(INFORMATION SHOWN begins)

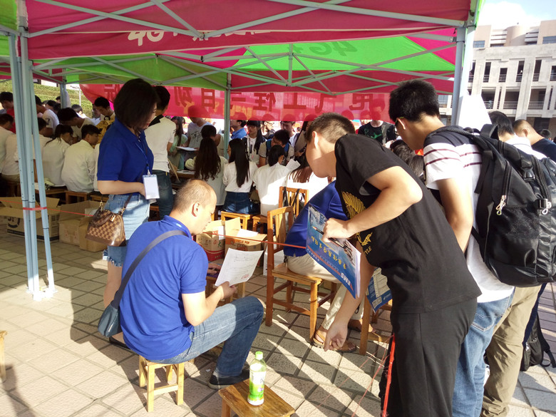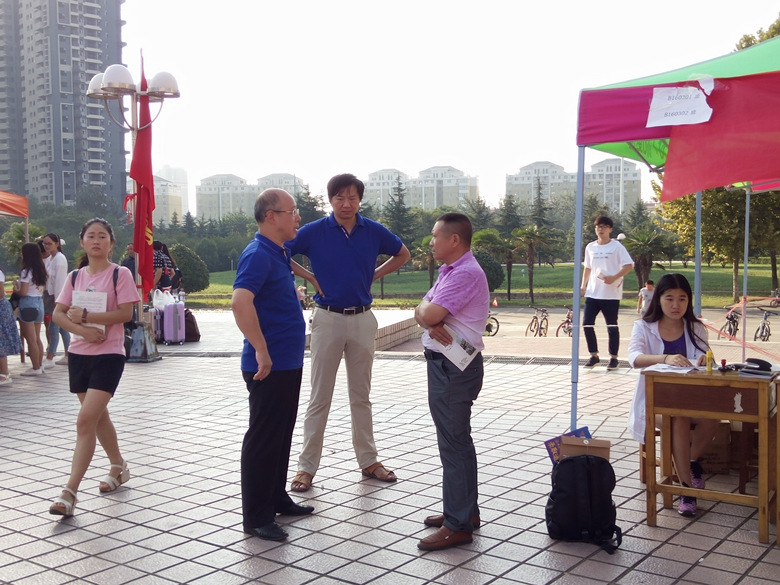 9月8日至11日,我们为期三天的迎新活动在九九广场进行,今年的迎新工作进行的很顺利,取得了圆满的成功。其中离不开各个迎新小组的配合,从接引小组、报道小组、运送小组到宿舍分配小组还有全程坐镇的指导小组,各小组各司其职配合得很好。我们党委副书记高进旗、团委副书记张斐然、学工办主任张垓以及16级各专业辅导员老师全程坐镇大本营,进行工作指导,迎新工作圆满结束,身着蓝色工作服的老师们成为小石榴们心中最美丽的烙印。
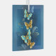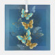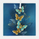 Composición de vuelo, joyería, oro y mariposas oscuras sobre fondo de joyería texturada. Mariposa dorada.
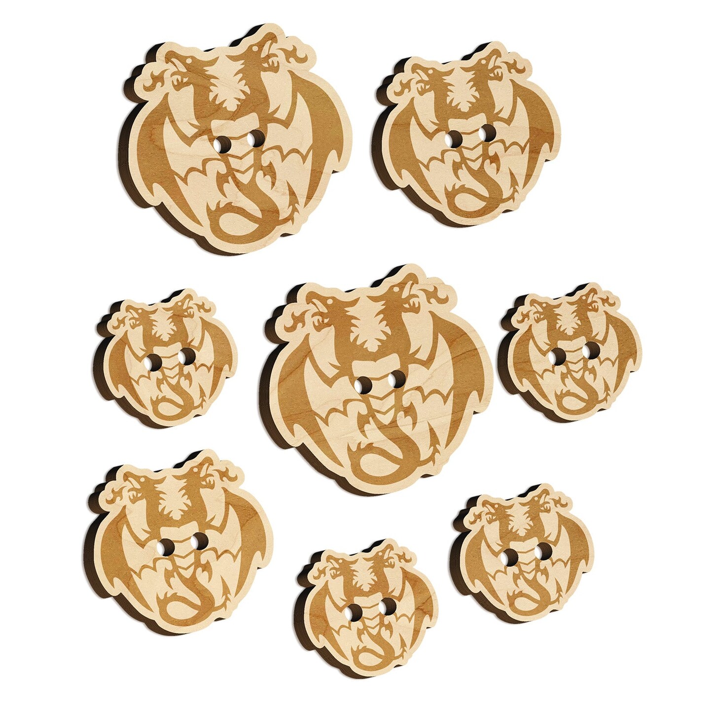 Two Headed Dragon Drake Wyvern Wood Buttons for Sewing Knitting Crochet DIY Craft

(INFORMATION SHOWN ends)

EXERCISE AIM: Repeat the data word for word. Skip the pictures.

TASK SOLUTION:
 9月8日至11日,我们为期三天的迎新活动在九九广场进行,今年的迎新工作进行的很顺利,取得了圆满的成功。其中离不开各个迎新小组的配合,从接引小组、报道小组、运送小组到宿舍分配小组还有全程坐镇的指导小组,各小组各司其职配合得很好。我们党委副书记高进旗、团委副书记张斐然、学工办主任张垓以及16级各专业辅导员老师全程坐镇大本营,进行工作指导,迎新工作圆满结束,身着蓝色工作服的老师们成为小石榴们心中最美丽的烙印。
 Composición de vuelo, joyería, oro y mariposas oscuras sobre fondo de joyería texturada. Mariposa dorada.
 Two Headed Dragon Drake Wyvern Wood Buttons for Sewing Knitting Crochet DIY Craft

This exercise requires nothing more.